Nobody likes when something fails. When a Chef run fails for some reason, we have to figure out what resource caused the failure and then try to fix it and then re-run it. If we know what might fail, we can try to do some steps and then try the action again. This message sent to the Chef community mailing list proposes something very similar.

Here is an RFC proposed by the Chef community which is still in discussion. It provides a resource specific error handling mechanism. It has many features that will help making an awesome overall Chef experience. If we are aware of something that can fail, why not make the resource try something to fix it by itself?

The Chef Handler provides a way of handling exceptions but that is very limited to just handling exceptions and performing some actions after the failure and be done.

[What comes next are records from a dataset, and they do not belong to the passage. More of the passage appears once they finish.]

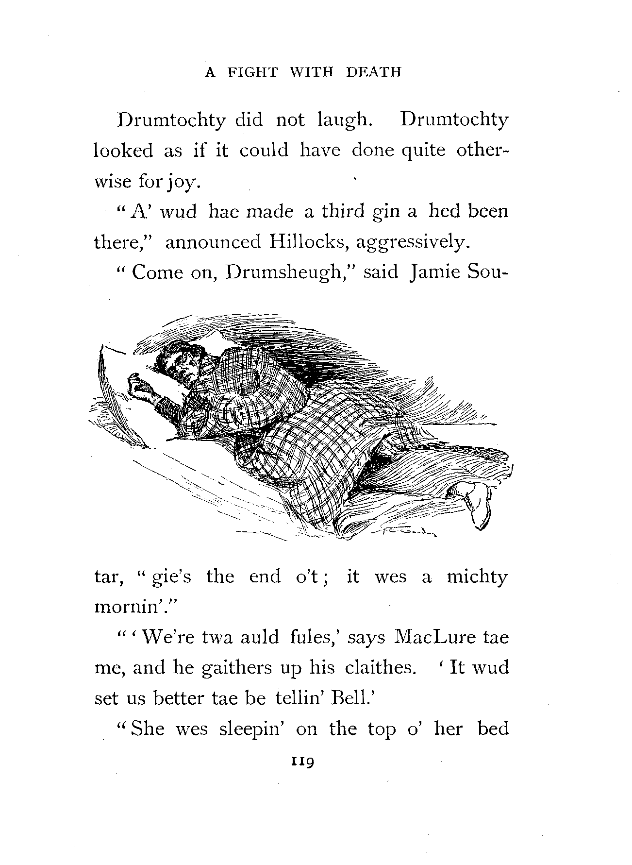 "It gar'd ma very blood rin faster tae the end of ma fingers juist tae look at him," Drumsheugh expatiated afterwards to Hillocks, "for a' saw noo that there was tae be a stand-up fecht atween him an' deith for Saunders, and when a' thocht o' Bell an' her bairns, a' kent wha wud win.
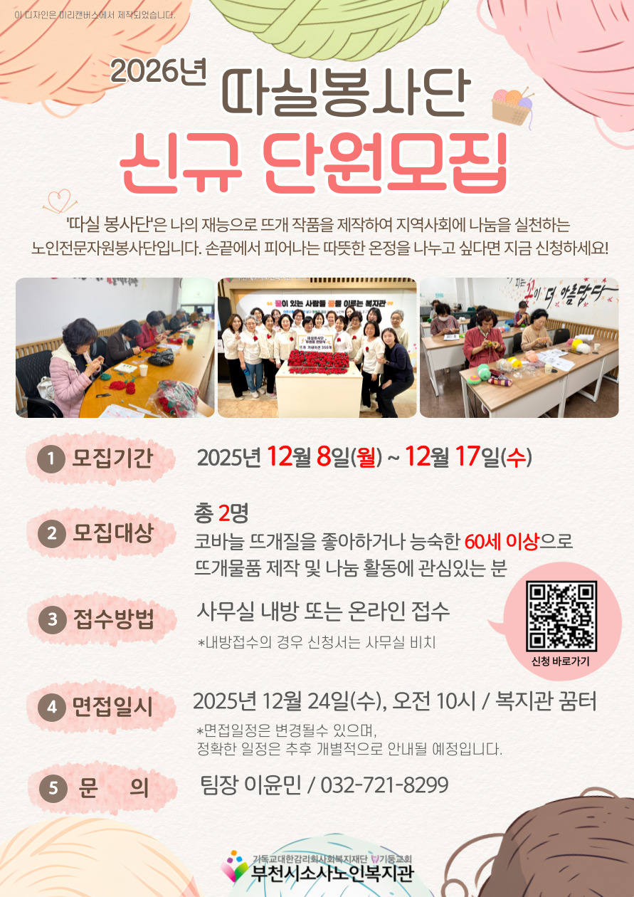 2026년에도 함께 뜨개 작품을 만들고, 나눔을 실천할 새로운 단원을 기다립니다.
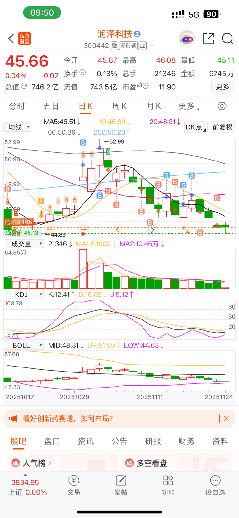 $润泽科技(SZ300442)$ 底部揉搓线走势看涨信号

I wrote a blog post earlier about how to write custom Chef Handlers.

Proof of Concept

I wrote a simple cookbook called on_failure that monkey patches the way Chef runs the resources and implements this feature. I tried to add as many features as possible but there are still some discussions on how to do certain things. This is just a starting point for trying out how this would work. This cookbook is also published to the community.

In Action

The on_failure cookbook has some additional cookbooks that help trying out this feature. The following are those cookbooks and their purposes:

  • sample – Contains some sample recipes for using the on_failure handler feature.
  • meal – Provides a resource called meal to mimic the example provided in the RFC.
  • food – Provides a resource called food to mimic the example provided in the RFC.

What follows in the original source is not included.